> _TRY IT_: Write out, with no changes, every line starting at the one that contains "at one end. |" and ending at the last line of the data below. Leave pictures out.

> _DATA SECTION_:
__________

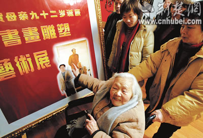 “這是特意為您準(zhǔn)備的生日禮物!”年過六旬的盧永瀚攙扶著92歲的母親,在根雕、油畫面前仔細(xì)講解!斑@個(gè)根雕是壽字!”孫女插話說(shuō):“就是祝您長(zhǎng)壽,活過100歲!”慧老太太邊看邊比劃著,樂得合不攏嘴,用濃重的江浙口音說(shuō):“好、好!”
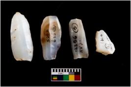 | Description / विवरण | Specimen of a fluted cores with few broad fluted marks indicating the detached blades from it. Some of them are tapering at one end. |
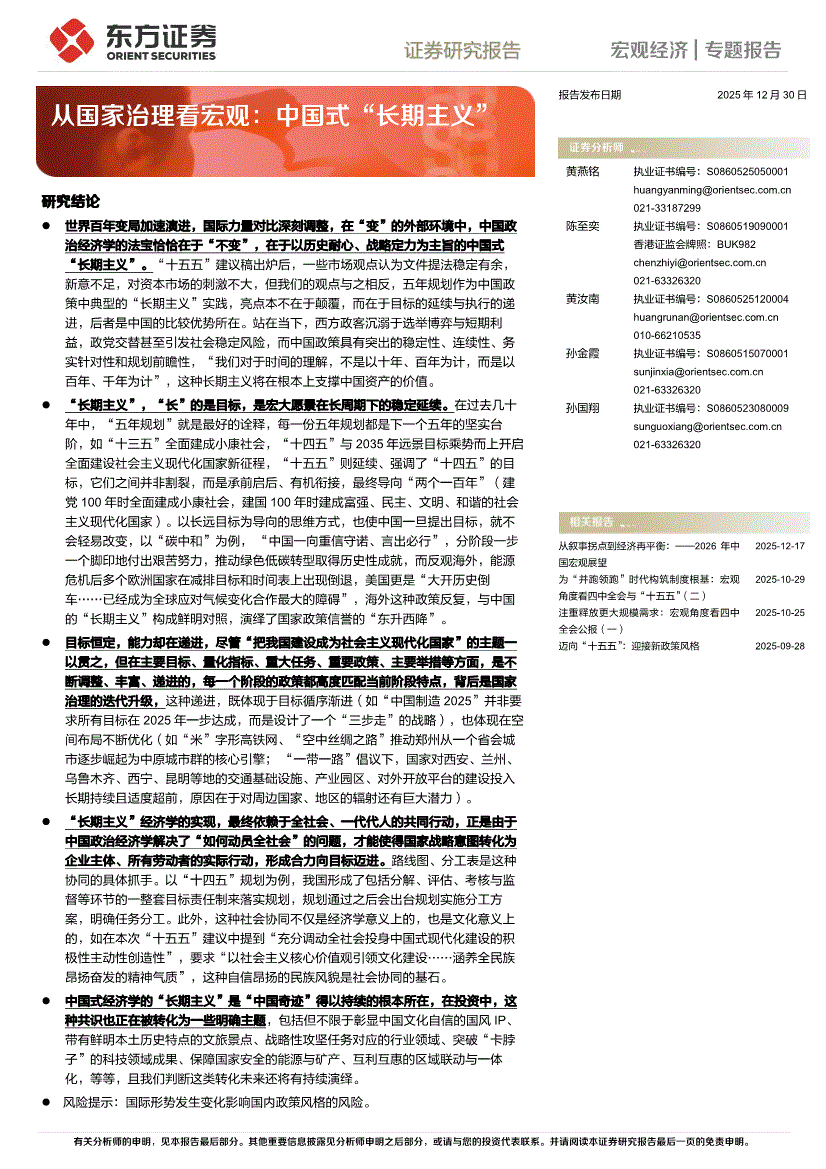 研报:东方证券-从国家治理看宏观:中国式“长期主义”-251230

__________

> _WRITTEN REPLY_:
 | Description / विवरण | Specimen of a fluted cores with few broad fluted marks indicating the detached blades from it. Some of them are tapering at one end. |
 研报:东方证券-从国家治理看宏观:中国式“长期主义”-251230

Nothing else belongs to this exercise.